技法には様々な流派があった。今一番人気はラ・キュと呼ばれる技法で、釉薬をかけて焼き上げる。


☆優秀な石工
 谷間を囲む山では、よい石材が採れた。街は石を掘ってできた穴を埋めていくようにも広がっていた。一種の流行もあるのだろうか、高く、高くと伸びる時代と、深く深くと潜る時代がランダムに訪れていて、遺跡層は時系列に重なっていない。石を掘ってしまえば当然出来てくる空洞を十分な強度に補完する必要もあったのだろう。 精緻な建築技法が要求されてきたのだ。優秀な石工はとても尊敬される。
 ハルさんは代々続く石工の家に生まれた。すでに建材そのものとしての石材は枯渇していて、石工の仕事も昔日の姿はない。一方で高層化してしまった街に、何トンもの重さの建材を使用することは不可能でもあった。ハルさんは、石板を切り出して装飾を施す。ハルさんは時折、遺跡の深部にもぐっていく。古代の遺跡を勉強するためで、数日分の食糧とライトとカメラとスケッチブックを持って、いつ帰るとも言わず、消えてしまう。

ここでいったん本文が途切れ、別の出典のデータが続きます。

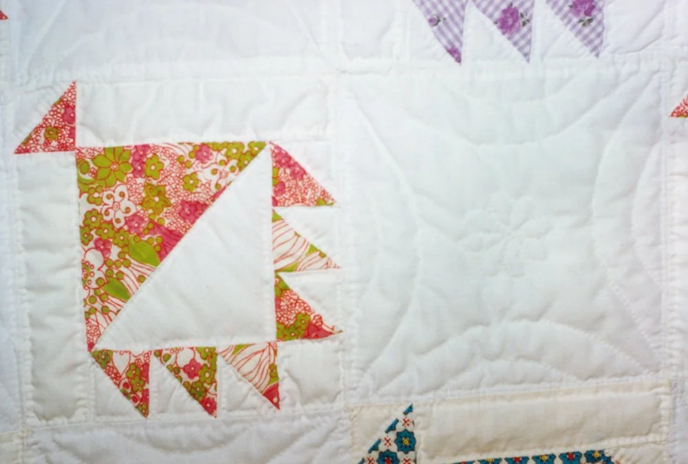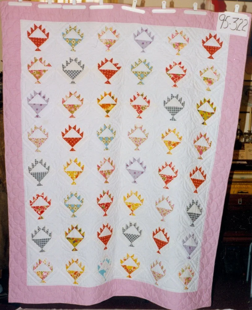 #95-322 1960sYarmouthUtilityBasketCottonDiagonal SetHung SetFront Turned BackMachine and hand sewn Aug 11 Written By Christel LeBlanc Quilt made by Glenna King in Brooklyn, Nova Scotia Christel LeBlanc http://forestfriend.ca/

ハルさんの手元には膨大な枚数の資料写真とデッサンがたまっていた。写真は幾時代もの美と力で魅了する。ハルさんが特に好きなのは、BW100年頃の時代で、今ではいない動植物が躍動感に満ちて壁一面を彩る。厚さ50センチを超える分厚い石を潤沢に使っていたころで、損傷が少ない。いつかハルさんが遺跡の深部に出かけたまま帰ってこない日が来るのではないかと思っている。 たぶんそうなってもハルさん自身は本望なんじゃあないかと思う。


☆葛篭(つづら)に入ったパンとチーズとワインと林檎
 人はレイヤーを滑り降りることしかできないが、10キロ未満の軽いものであればレイヤーを引き上げるときにくくり付けて、上層へ運ぶことができた。ガイドの仕事の一つはそれで、頼まれたものを頑丈な葛籠へ入れてレイヤーに付け、引き上げる。ワイヤーロープの上か下かどちらかには荷物の受け渡しと保管のためにガイド仲間が待機していた。



☆帝国の夏の離宮
 彼らはやってきては、また、いなくなる。



☆スクラップビルド教
 街は常にこの命題に頭を悩ましている。いつの時代にも「すべてを取り去って一から作り直さないとこの街は崩壊する」と予言する派閥がいる。地震はなくても、自重はある。



☆黒こげ長官
 AW215年に大規模な火災がおきた。当時使用していた街の4分の1が被害にあい、一万人以上が死亡したと伝えられている。 時の長官は延焼を避けるために、火災区域を閉じるように命令を出した。今もその時閉じられた扉が黒こげのまま残っている。後日開けた扉の内側には逃げ遅れた大勢の人が折り重なって死んでいた。